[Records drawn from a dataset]
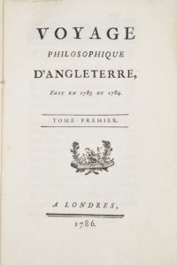 [LA COSTE (de)]. Voyage philosophique d’Angleterre, Fait en 1783 et 1784. Londres, s.n., 1786. 2 volumes in-8, broché, non rogné, couverture de l’époque.
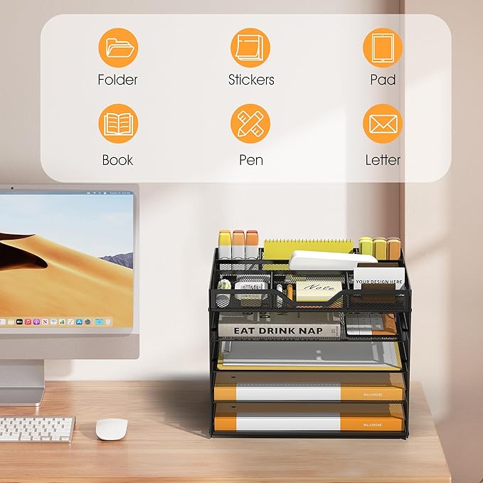 - Quality Materials and Superb Craftsmanship-Featuring a lightweight and durable metal mesh construction with a sturdy frame and powder-coated finish that ensures the desktop file manager won't bend or break when holding large quantities of paper, files and books, the file manager has a smooth finish that complements the office's work decor
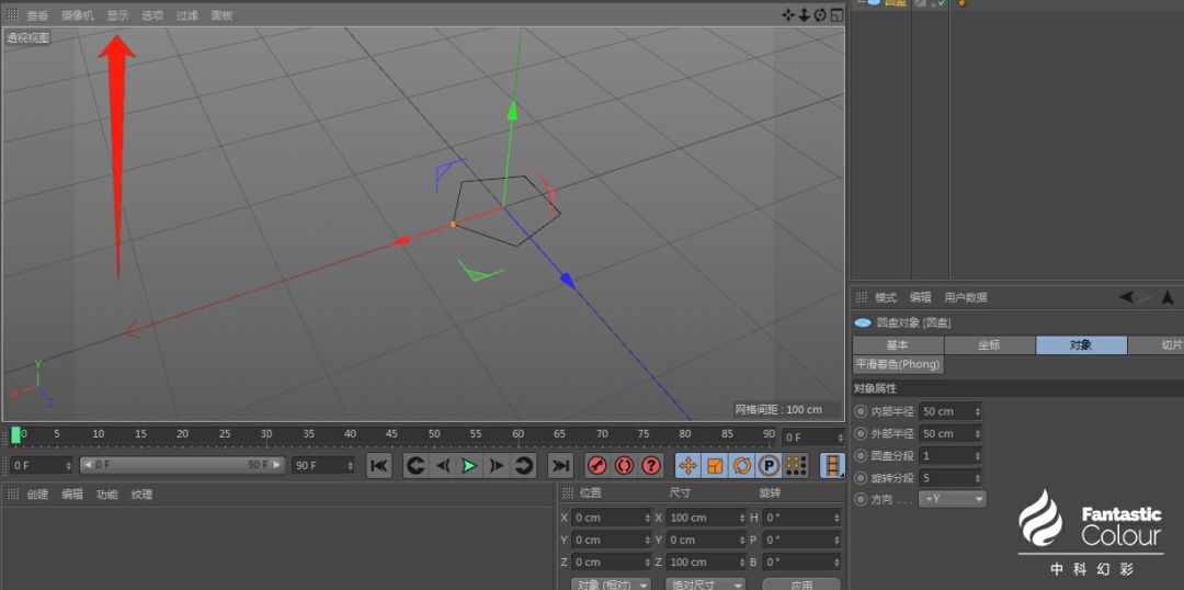 在【对象】窗口中选中【圆盘】在【属性】窗口中设置,将圆盘分段设置为1,旋转分段设置为5内部半径跟外部半径大小都设置为50cm,并在【显示】中选择【光影着色(线条)】。如图3、图4、图5所示:
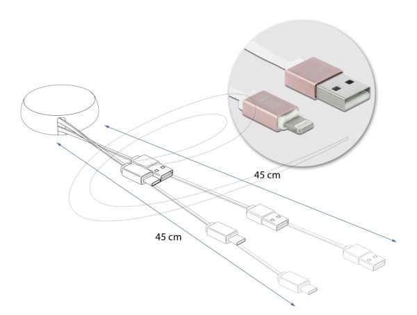 Kis méretének köszönhetően a kábel egy praktikus tars útközben és mindig kéznél van. A tekercselési mechanizmus megakadályozza a kábelek összecsomózódásának veszélyét.
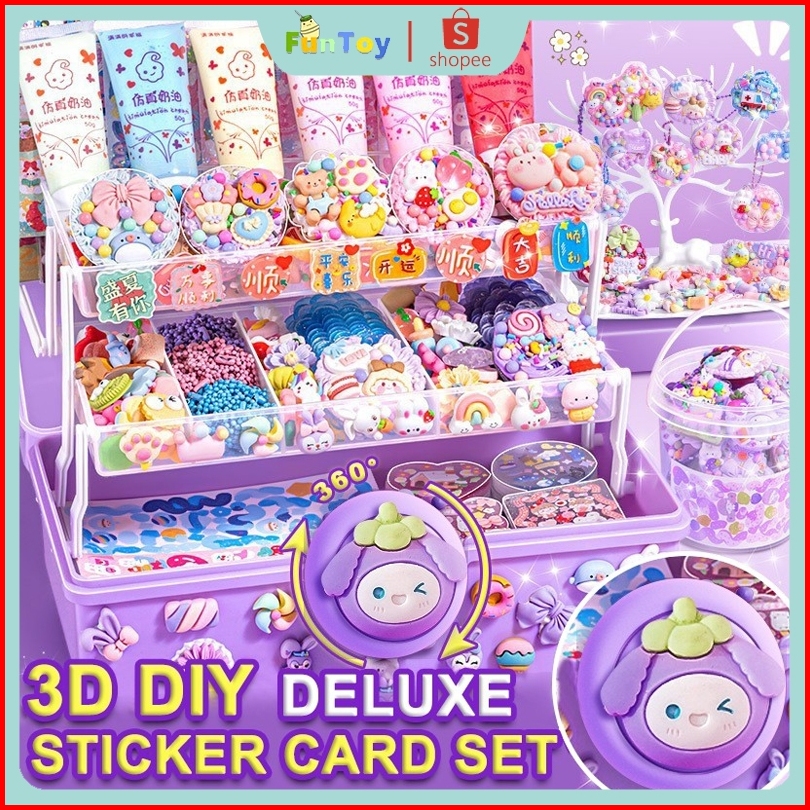Funtoy 220 264 303 323 Pcs Mainan Anak Diy Cream Set Gantungan Kunci Akrilik Set Stiker Lem Krim Kreatif Cream Kartun
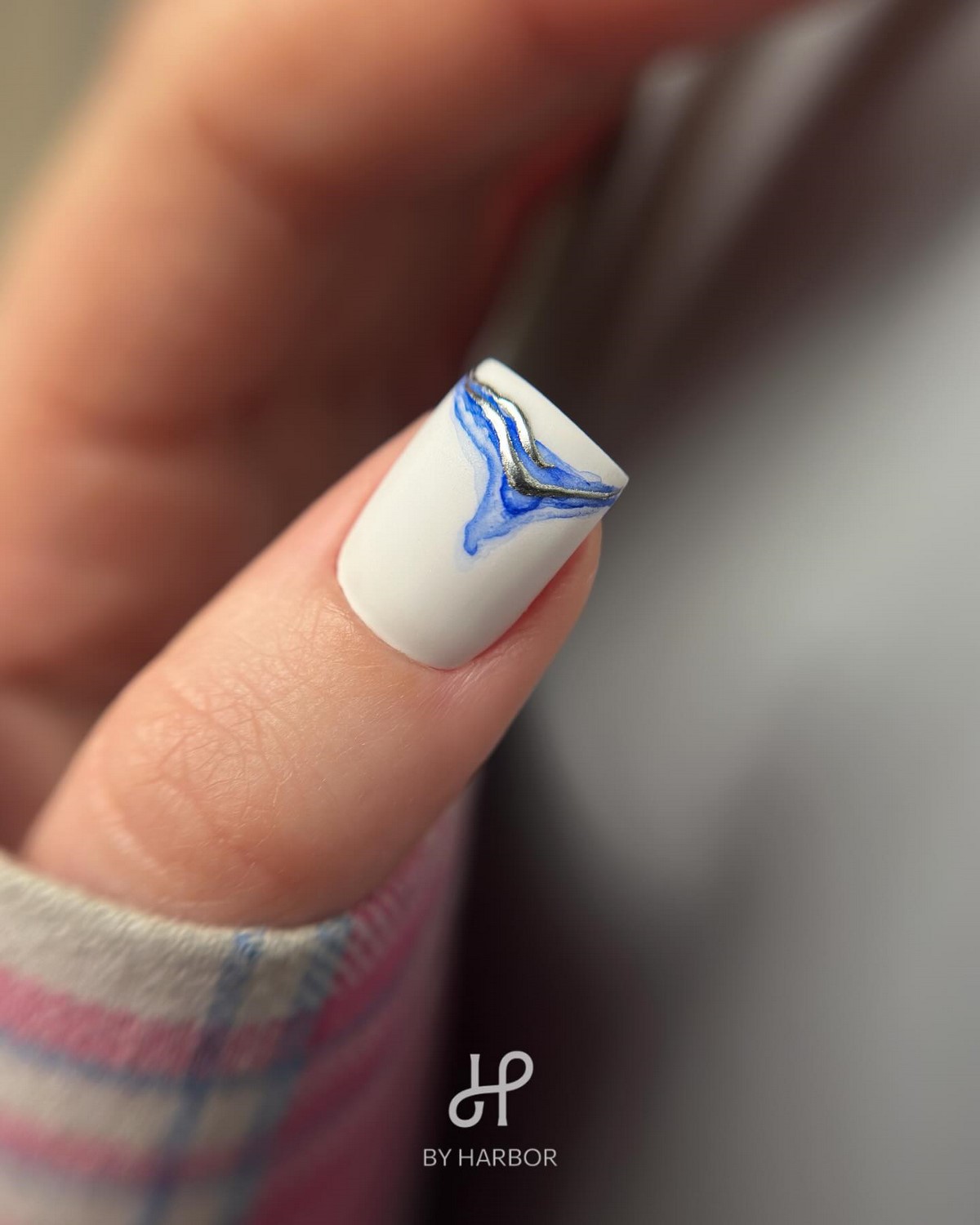 Геометрические формы и хаотичные линии на матовой основе создают современный арт-объект на ногтях. Этот стиль подходит ценительницам минимализма с художественным уклоном.
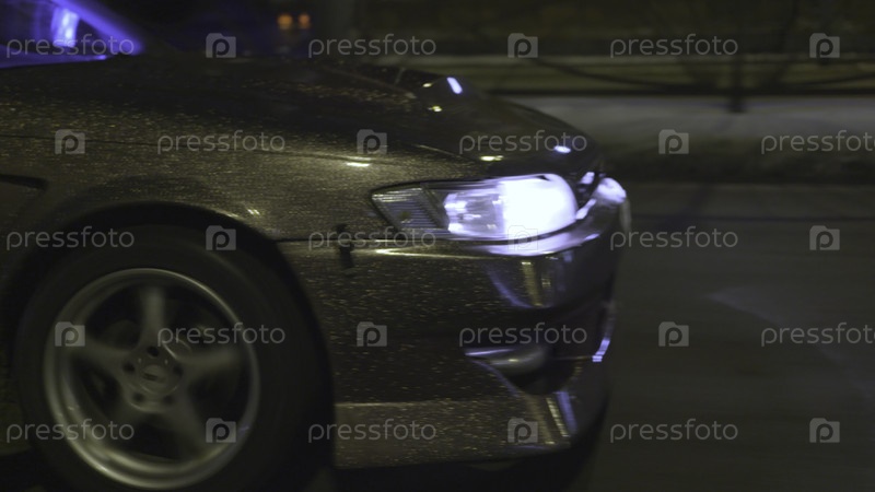 Боковой вид автомобиля, едущего вдоль дороги, фары освещают темную дорогу ночью
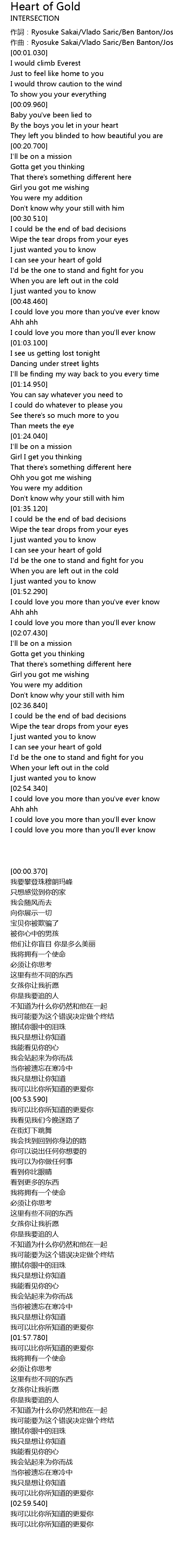 | [00:00.370] | 作詞:Ryosuke Sakai/Vlado Saric/Ben Banton/Josh Banton |
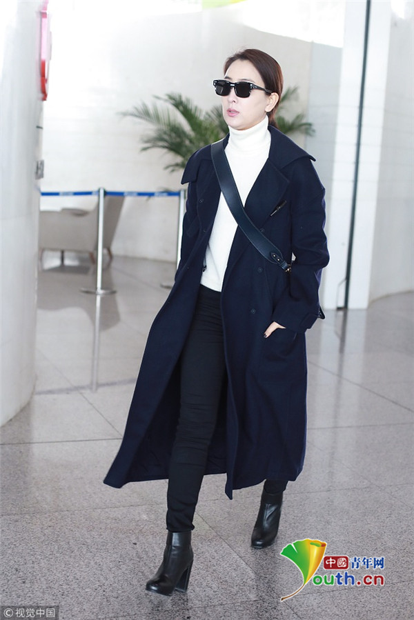 2019年1月7日,北京,馬蘇現(xiàn)身機(jī)場(chǎng)。她身穿黑色到腳大衣霸氣外露,架黑超涂紅唇似帥氣“女特工”。

What the exercise asks. All of the entries above are to be transcribed word for word, with no pictures included.

Response.
 [LA COSTE (de)]. Voyage philosophique d’Angleterre, Fait en 1783 et 1784. Londres, s.n., 1786. 2 volumes in-8, broché, non rogné, couverture de l’époque.
 - Quality Materials and Superb Craftsmanship-Featuring a lightweight and durable metal mesh construction with a sturdy frame and powder-coated finish that ensures the desktop file manager won't bend or break when holding large quantities of paper, files and books, the file manager has a smooth finish that complements the office's work decor
 在【对象】窗口中选中【圆盘】在【属性】窗口中设置,将圆盘分段设置为1,旋转分段设置为5内部半径跟外部半径大小都设置为50cm,并在【显示】中选择【光影着色(线条)】。如图3、图4、图5所示:
 Kis méretének köszönhetően a kábel egy praktikus tars útközben és mindig kéznél van. A tekercselési mechanizmus megakadályozza a kábelek összecsomózódásának veszélyét.
Funtoy 220 264 303 323 Pcs Mainan Anak Diy Cream Set Gantungan Kunci Akrilik Set Stiker Lem Krim Kreatif Cream Kartun
 Геометрические формы и хаотичные линии на матовой основе создают современный арт-объект на ногтях. Этот стиль подходит ценительницам минимализма с художественным уклоном.
 Боковой вид автомобиля, едущего вдоль дороги, фары освещают темную дорогу ночью
 | [00:00.370] | 作詞:Ryosuke Sakai/Vlado Saric/Ben Banton/Josh Banton |
 2019年1月7日,北京,馬蘇現(xiàn)身機(jī)場(chǎng)。她身穿黑色到腳大衣霸氣外露,架黑超涂紅唇似帥氣“女特工”。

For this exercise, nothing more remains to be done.